Labels can be implied dynamically to the hosts in your checkmk monitoring environment. Tags can’t be applied in this way. Labels can be used later on, while defining monitoring rules, views, dashboard, filters and so on. Labels are a good mechanism to group hosts in different dimensions.

Embedding Monitoring into Existing Organizations

To ensure the success of an IT Monitoring project implementation in the long-run, the monitoring should be embedded into the existing organization with clear responsibilities and roles for each stakeholder.

In the slide below a sample organization is shown, with a typical matrix organization. This is often seen in enterprises.

There are four groups in focus regarding the monitoring deployment:

  • Users
    Most enterprises earn their money with these group of people. They expect a running application, performing well and supporting them getting their job done. These could be internal or external users or both.
  • Business
    This group are the stakeholders of the business processes and focus on getting things done, to maximize the contribution to the companies, they work for.
  • IT Application
    These people design, code, test and deploy the required applications.
  • IT Infrastructure
    This group of people are responsible to provide and run a reliable IT infrastructure and architecture for the future, including internal and external cloud platforms.

These definitions are samples, seen with different customers over the last years. Other organizations my have other setups working for them very well.

The point I want to highlight is, how to embed the monitoring into such an organization:

  • Support Level 1
    While the business support organization supports the questions from the user’s using the applications and processes supported. Often the product catalog is in focus, the order process itself, the configuration of product and so on. The questions are business driven rather than IT technical. IT technical question are rerouted to the IT support desk.
    The IT support desk is in charge for all questions, regarding IT related objects. This includes assistance for program usage help, user login issues, performance issues and so on.
  • Support Level 2
    This function is covered by an operations center. This organization keeps IT services up and running, monitors the state of key resources, applications, network and all other stuff making up a well performing IT environment. They are in charge to initiate requests to level 3 if problems arise, they can’t handle by themselves. Regarding monitoring, these people are the power user of the monitoring solution. All acquired data is used here, to provide a comprehensive overview about the IT status and to enable decisions, how to handle given situations.
  • Support Level 3
    Level 3 has several teams, contributing to this mission. Developers and system programmers have to collaborate to get solutions for serious problems arising while operating the application.
    • System programmers are in charge to fix problems with hard- and software packages and their configuration.
    • Developers have to deal with issues originating from self-developed application code.Today, these roles are often combined in so called DevOps teams. These teams are responsible to perform deep dive analysis in case of application errors, including log analysis, detailed performance measurement and threshold definition. They also have to continually develop monitoring thresholds to increase alarm accuracy. They install new monitoring tools and integrate these into the existing solution. DevOps teams always keep in mind, that any new technology requires also a new monitoring review and potentially a new monitoring component.
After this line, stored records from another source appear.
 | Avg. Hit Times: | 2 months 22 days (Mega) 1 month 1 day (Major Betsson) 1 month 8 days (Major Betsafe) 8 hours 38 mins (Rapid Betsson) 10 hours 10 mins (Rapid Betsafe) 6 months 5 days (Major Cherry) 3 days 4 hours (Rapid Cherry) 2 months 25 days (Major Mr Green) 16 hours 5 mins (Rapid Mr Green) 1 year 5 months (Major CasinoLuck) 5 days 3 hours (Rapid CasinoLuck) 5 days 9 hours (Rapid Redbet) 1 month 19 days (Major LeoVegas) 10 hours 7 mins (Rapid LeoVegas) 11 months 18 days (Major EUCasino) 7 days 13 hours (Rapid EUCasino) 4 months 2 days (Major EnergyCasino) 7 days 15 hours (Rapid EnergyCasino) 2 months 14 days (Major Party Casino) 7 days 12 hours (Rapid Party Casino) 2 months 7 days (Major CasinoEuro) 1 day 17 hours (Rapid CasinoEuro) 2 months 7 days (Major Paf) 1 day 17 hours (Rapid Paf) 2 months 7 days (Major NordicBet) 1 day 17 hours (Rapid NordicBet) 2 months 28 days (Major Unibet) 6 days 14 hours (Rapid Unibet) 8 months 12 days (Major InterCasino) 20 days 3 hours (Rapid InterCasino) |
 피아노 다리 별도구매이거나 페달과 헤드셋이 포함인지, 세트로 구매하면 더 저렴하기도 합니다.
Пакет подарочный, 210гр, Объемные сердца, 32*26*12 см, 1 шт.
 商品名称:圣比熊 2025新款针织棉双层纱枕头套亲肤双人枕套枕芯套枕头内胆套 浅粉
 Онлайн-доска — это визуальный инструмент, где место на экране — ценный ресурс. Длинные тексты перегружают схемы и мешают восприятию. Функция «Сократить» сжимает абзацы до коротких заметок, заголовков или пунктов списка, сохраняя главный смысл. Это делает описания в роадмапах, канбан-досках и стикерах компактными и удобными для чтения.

Monitoring should be embedded into IT management processes, best described in ITIL. Incident management, problem management and change management are the disciplines in focus. For more details on monitoring and ITIL see the Process Symphony Knowledge Base.

As I described in my blog entry Finding the best Monitoring Solution, monitoring is a process rather than a status. It is a never ending iteration of requirement review, software upgrade, solution design and execution. That’s why it is so important to embed monitoring into IT organization’s daily business.